Thursday , December 13, 2018

The PCI Council Publishes Updated Guidance for Securing Telephone-Based Payments

Online and mobile payments get all the press, but plenty of card-not-present payments still originate from telephone orders. The security threats from such orders are changing, which prompted the PCI Security Standards Council to issue an update Wednesday to guidance it first produced seven years ago for protecting phone-based payments.

The guidance does not add to or supersede any current requirements in the Payment Card Industry data-security standard, the PCI Council’s main set of rules for merchants, processors, and other entities that handle general-purpose credit and debit card data. It was developed by one of the council’s so-called special interest groups, which consist of representatives of companies and other organizations concerned with a specific security issue. In this case, the guidance came from the Protecting Telephone-Based Payment Card Data Special Interest Group.

“Since the publication of the original document in 2011, the marketplace for telephone-based payment card solutions has changed from a risk, legal-regulatory, and technology aspect,” Jean-Louis LaMacchia, standards development manager at the Wakefield, Mass.-based PCI Council and the telephone SIG’s chairperson, said in a blog post. “With EMV chip technology securing card-present transactions, criminals are increasingly looking to exploit card-not-present channels such as mail-order/telephone-order and e-commerce. Because telephone-based payments now represent an area of opportunity for fraud, entities need to properly evaluate and protect their telephone-based payment environments.”

LaMacchia said changes in regulations and consumer-protection laws have resulted in more recorded customer conversations, “which may result in unnecessary storage of payment card data information.
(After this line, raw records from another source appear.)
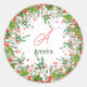 Monogram Red Christmas Greenery Classic Round St Sticker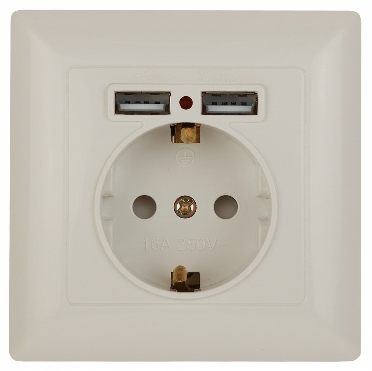 Розетка Intro Solo 4-410-02 с заземлением P+E Schuko со шторками, 16А-250В + 2хUSB, IP20, СУ, слоновая кость арт. Б0053714 (1 шт.)
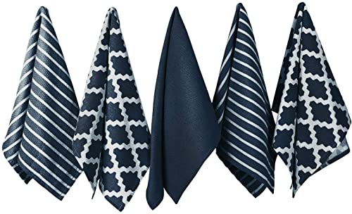 Penguin Home® Coton Torchon 5-Pièce Set, 65 cm Longueur x 45 cm Largeur, Marine

In general, no payment card data should ever be stored unless necessary to meet the needs of the business.”

Unique and changing technology also prompted the SIG to take a new look at how to better protect telephone payments. “Telephone environments often use technologies and solutions not found in other types of environments, such as voice-masking technologies,” LaMacchia said. “Additionally, traditional analogue-based telephony systems are being phased out by many organizations and replaced by Voice over Internet Protocol (VoIP) technology, and entities need to understand the impact of this evolution.”
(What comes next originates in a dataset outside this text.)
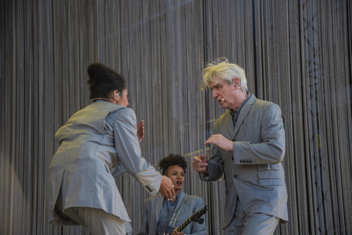 La energía y el calor continuaron para dar la bienvenida a la leyenda de los Talking Heads; David Byrne que a pesar del cambio de horario con Cut Copy, tuvo una respuesta favorable y aquí el dato curioso del festival, si bien era normal que las primeras horas de actividades los asistentes no fueran fans asiduos de la propuesta del cartel, la sorpresa fue eran mínimas las personas que identificaron a Byrne, se escuchaban platicas como “¿Quienes son los viejitos?“ “No pensé que fueran tantos Los David Byrne” “Son como los Babasónicos en inglés” y un sin fin de comentarios fuera lugar lo cual a estas alturas prácticamente ya es lo que hace mágico un Festival pues bastó con escuchar las primeras dos canciones para tener a una audiencia en el Escenario Capital enfiestada con el tremendo show que presentó, instrumentos wireless, coreografías de 12 músicos perfectamente bien sincronizados, para los conocedores era inimaginable lo que estaba sucediendo, David Byrne controlando el escenario sin ningún recurso audiovisual más allá de la música y el cuerpo de cada integrante de su banda, después de 50 minutos logró cautivar prácticamente al total de su audiencia que en su mayoría el contacto por primera vez.

New technologies and payment channels developed since 2011 “are increasing the scope of the cardholder data environment—and creating some uncertainty and compliance challenges for contact centers,” said Ben Rafferty, a member of the telephone SIG who is global solutions director at Semafone, a United Kingdom-based data-protection software provider for customer contact centers with U.S. headquarters in Boston. He added in an email message that “we hope to provide clarity on securing these critical payment channels.”